On this day 250 years ago in Braintree (now Quincy), Massachusetts, Abigail Adams wrote to her husband John that she
heard yesterday that a Number of Gentlemen who were together at Cambridge thought it highly proper that a Committee of Ladies should be chosen to examine the Torys Ladies, and proceeded to the choise of 3 Mrs. [Hannah] Winthrop, Mrs. [Mercy Otis] Warren and your Humble Servant.
Sources: “Abigail Adams to John Adams, 21 April 1776,” Founders Online, National Archives, https://founders.archives.gov/documents/Adams/04-01-02-0254. [Original source: The Adams Papers, Adams Family Correspondence, vol. 1, December 1761 – May 1776, ed. Lyman H. Butterfield. Cambridge, MA: Harvard University Press, 1963, pp. 389–391.]; Roberts, Cokie, Founding Mothers: Remembering the Ladies―Empowering Stories of Heroic Women Who Changed the Course of History During the American Revolution at p. 59.

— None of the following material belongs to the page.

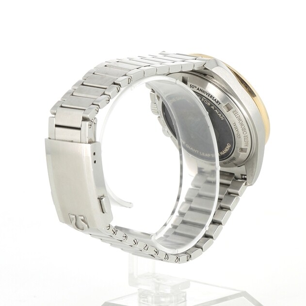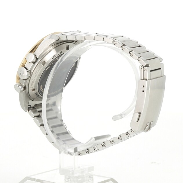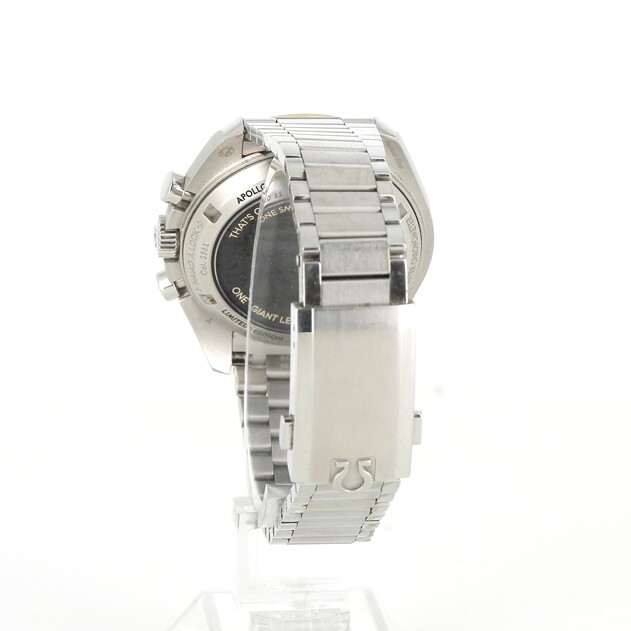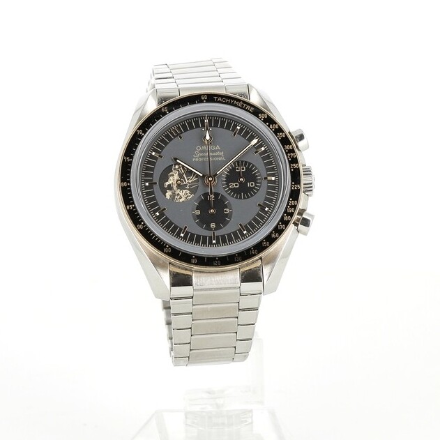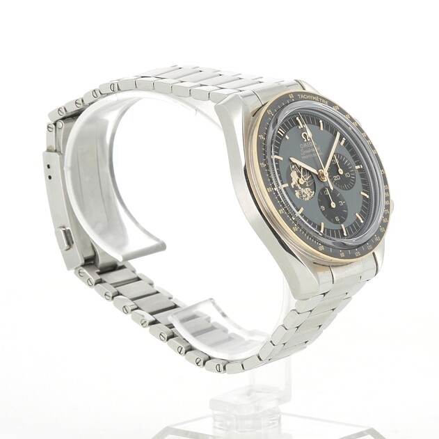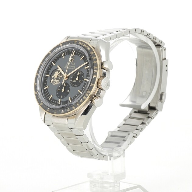 L’Omega Speedmaster Apollo 11 est une montre en édition limitée à 6 969 exemplaires, créée pour célébrer le 50ᵉ anniversaire de la mission Apollo 11. Elle possède un boîtier en acier de 42 mm avec une lunette en or Moonshine™ et insert en céramique noire. Son cadran bicolore arbore un sous-cadran gravé de Buzz Aldrin à 9 h, et un index spécial à 11 h en hommage à la mission. Elle est animée par le calibre manuel Omega 3861, certifié Master Chronometer, et offre une étanchéité de 50 mètres. Le fond de boîte présente une gravure du premier pas sur la Lune et la célèbre phrase de Neil Armstrong.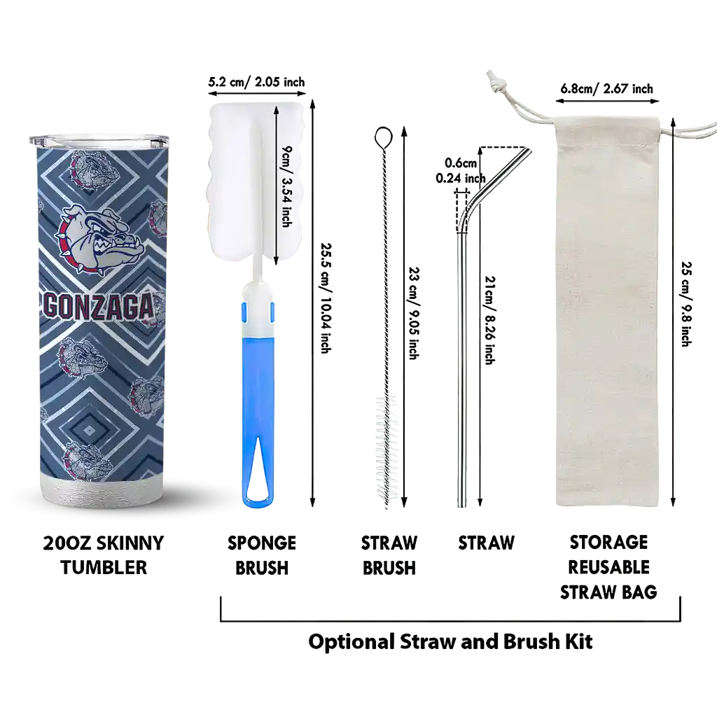 The Personalized Gonzaga Bulldogs Chevron V Blue Gray Skinny Tumbler tumbler is the perfect way to stay refreshed while showing off your pride for Gonzaga Bulldogs. With its double-wall insulation, your drinks stay at the right temperature for hours, whether you're enjoying a hot coffee or keeping your iced drink cold. What's inside? You’ll find 1 stainless steel tumbler, 1 clear lid, and 1 removable straw. It's the perfect blend of function and fan spirit! Ergonomically designed for comfort, made from durable stainless steel, and insulated to maintain your drink’s temperature, this tumbler is a must-have for any dedicated NCAA fan.

On this day 250 years ago three miles northeast of Fort Johnson, South Carolina, the brig Comet of the South Carolina Navy under Captain Joseph Turpin with the captured prize St. James and its cargo of sugar and rum were chased by the British sloop HMS Falcon and her tender HMS General Clinton. The Comet escaped into Charlestown Harbor but the St. James ran aground on a sandbar. The Comet‘s guns drove off the General Clinton on its first attempt to seize the St. James but Captain Turpin had to order the St. James burned to prevent its capture by the British.